The hat - I wear it.


You guys like the Little Tight burger at hardees, big anuff to to get attention but not heffy anuff to pack a punch. We on the other hand are like the Big Mac, we have been around and still have it our way!

You guys are like the Chris tucker to our jackie chan, yea you get a few laughes but we will still kick that ass!

You guys are like the candles on a cake, yall real hot for a quick minute but sooner or later you get blown out and tossed to the side. We however are the cake, and everyone wants the first piece but we good to the last bite!



Tusken is the cafeteria lunchlady hairnet that has been worn and discarded along with the other trash. MaRAWK!!o is (And I offer you a choice here):

A) The beer Helmet. Two beers go up top on the helmet, tube goes in your mouth. You'll recognize it when you see it because our teams play the games wearing it. Yes, we drink while we stomp you. It's always nice to celebrate a touchdown with a cold beer or two in the endzone. We get free refills at the open bar we also run during the games....

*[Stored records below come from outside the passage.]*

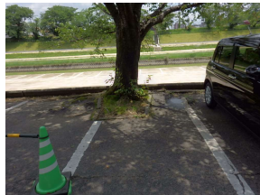
修景施設 植樹枡 (後樂園)
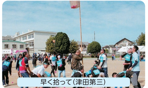
早く拾って(津田第三)
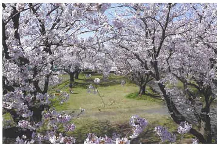
中止となったさくらまつり会場 令和2年(2020年)4月5日撮影
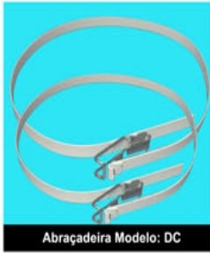
Abraçadeira Modelo: DC
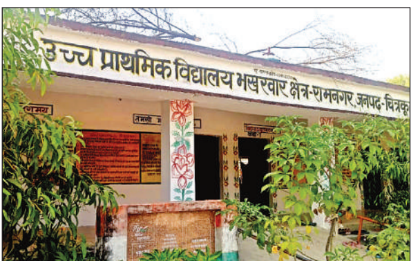
उच्च प्राथमिक विद्यालय भखरवार के परिसर में लगे पेड़-पौधे।
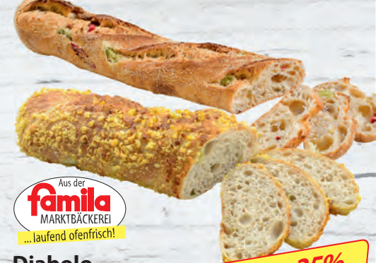
Aus der famila MARKTBÄCKEREI ...laufend ofenfrisch! Diabolo-Zwirbel 300 g oder Zeusbaguette 350 g, Stück je (1 kg = 4.97/4.26 €)
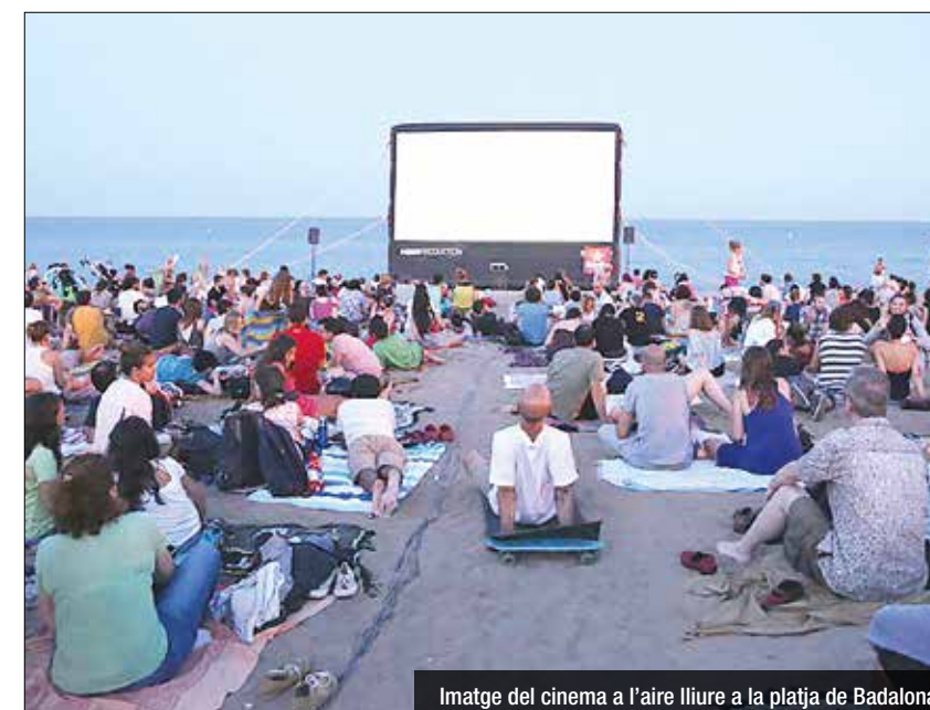
Imatge del cinema a l'aire lliure a la platja de Badalona

El 28-29 de juny i el 4-5-6 de juliol el Teatre del Círcol tornarà a acollir el Cryptshow, el Festival alternatiu de Terror i cinema fantàstic de caire internacional que ja s'ha consolidat com una de les grans propostes culturals a l'àrea metropolitana de Barcelona a principis d'estiu, més enllà del fet merament cinematogràfic, ja que també es proposa recitals de música, literatura i arts plàstiques. El Círcol acollirà tant la secció oficial com la de fora de competició del Festival de curts de Terror i cinema fantàstic, així com alguns llargmetratges.

Q) - The sombrero. I know, you are thinkg "What's so great about the sombrero?". But wait. This is not any sombrero, it is the famous NACHO SOMBRERO! Let me paint a delicious picture for you that you can eat. The sombrero is made of - you guessed it - nacho. Or nachos. I'm not sure if that is plural or not. I'll have to check. The brim is filled with salsa, but not any kind of salsa. This is the best salsa ever. It's made with the best ingredients on earth - tomatoes, onions, cilantro, unicorn tears, leprechauns, left-handed midgets - nothing but top shelf stuff here. And then the very top - scorching hot queso from the center of the earth. And it never cools off or forms that truly revolting "cheese skin" on top either. That stuff is just nasty, y'all. The tassles on the fringe of the sombrero and jalapenos. We actually use these during the games to jab into your eyes and cause serious pain to you. Yes, we cheat. Does that really surprise you?

The hat - I wear it - and it is thirst-quenching and/or delicious!